Hit Launch, and Origami's built-in LinkedIn sequencer sends each message automatically as prospects accept your connection and time delays elapse. No need to export the list or switch tools.

Sending & tracking — all in the same dashboard

The same table where you built your list now shows live outreach activity:

  • Connection accepted (and when)
  • Message opens (if LinkedIn provides the signal)
  • Clicks on any link you included (Origami tracks branded short links)
  • Replies

While viewing a contact's activity, you can still see their full enriched profile — title, company, tools used — right there. You know exactly why you reached out and can reply with context.

Automatic un-enrollment on reply

Critical feature: if a prospect replies, Origami immediately removes them from the sequence. You'll never accidentally send a breakup message after someone has already booked a meeting. From there, you handle the conversation manually or route to a CRM.

All from one platform

This is the key shift: find, enrich, sequence, send, and track — all inside Origami. No exporting CSVs, no syncing between tools, no forgotten follow-ups. The sequencer is included on all paid plans; you pay only for the credits used to enrich leads. The sending is free.

What response rates to expect

For a well-refined list of UK multi-location optical practice owners, with the messaging above, a realistic benchmark (from 2025–2026 campaigns) is:

  • Connection acceptance: 20–30% (higher if you personalise the note and your profile is credible)
  • Reply rate (of connections): 8–15%
  • Meeting booked: 3–6% of total list

These are strong numbers for a cold LinkedIn campaign in a niche professional services market. If you're aiming at the top end of those ranges, list quality matters more than message cleverness.
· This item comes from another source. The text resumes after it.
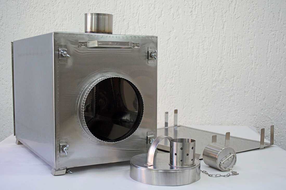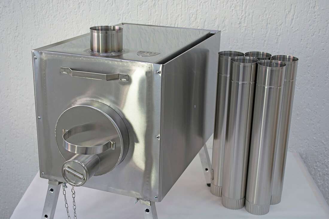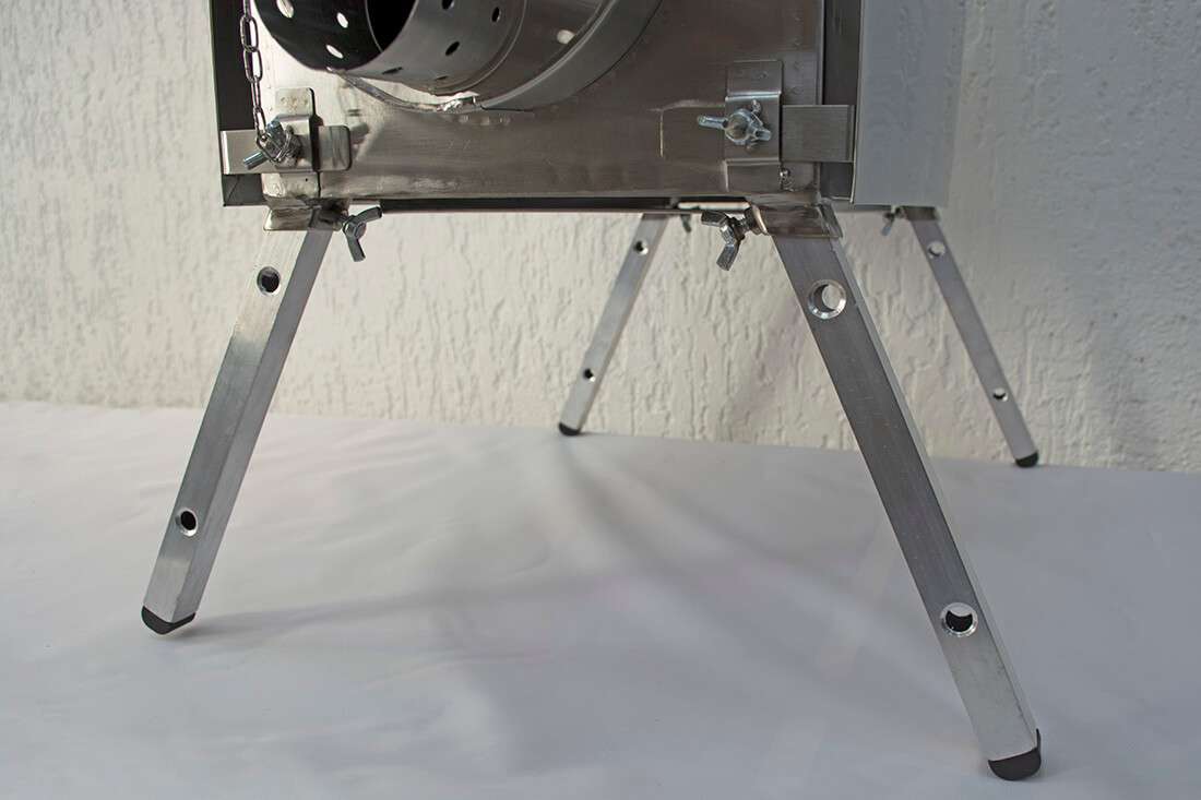 Конструкция печи включает в себя: короб (топочную камеру), искрогаситель, съемную топочную дверцу и стакан для регулирования подачи кислорода, отражающие экраны с 4 сторон, съемные ножки, дымоход.

When to iterate on messaging vs. iterate on the list

  • Low connection acceptance (below 15%): Either your list contains the wrong people (too junior, not owners) or your headline/linkedin profile doesn't align with the audience. Re-check the decision-maker filter. Tighten by also requiring "Chairman" or "CEO" if you were including practice managers without budget.
  • High acceptance but low reply: Your follow-up messages aren't landing. Try leading with a different pain point. For optical owners, the hierarchy usually goes: staffing costs > patient recall > compliance > marketing. Test shifting the Day 3 message to "recall consistency" if locum spend didn't resonate.
  • High reply but low meeting book: Your soft close needs work. Make the offer less scary — a 15-minute call sharing what other groups are doing, not a demo of your product.

Don't A/B test everything at once. Change one element per week and let the data accumulate.